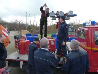 Das Flutlichtfahrzeug der Feuerwehr wird für die Verladung vorbereitet.
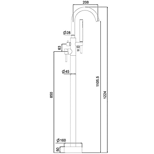 - Высота излива: 110.55 см.
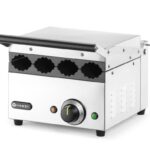 De HENDI Contactgrill voor hotdogs en wraps is een duurzame, compacte grill met een roestvaststalen behuizing en geëmailleerde gietijzeren roosters voor consistente, hoogwaardige resultaten. Met 4 grillsleuven, indicatielampjes, een grilloppervlak van 270 x 250 mm en antislipvoeten is deze grill ideaal voor het efficiënt bereiden van hotdogs of broodjes voor professionele doeleinden.

> _What needs to be done_
With the pictures omitted, copy exactly the lines from the line that contains "- Высота излива: 110.55 см." through the end of the material.

> _Your response_
 - Высота излива: 110.55 см.
 De HENDI Contactgrill voor hotdogs en wraps is een duurzame, compacte grill met een roestvaststalen behuizing en geëmailleerde gietijzeren roosters voor consistente, hoogwaardige resultaten. Met 4 grillsleuven, indicatielampjes, een grilloppervlak van 270 x 250 mm en antislipvoeten is deze grill ideaal voor het efficiënt bereiden van hotdogs of broodjes voor professionele doeleinden.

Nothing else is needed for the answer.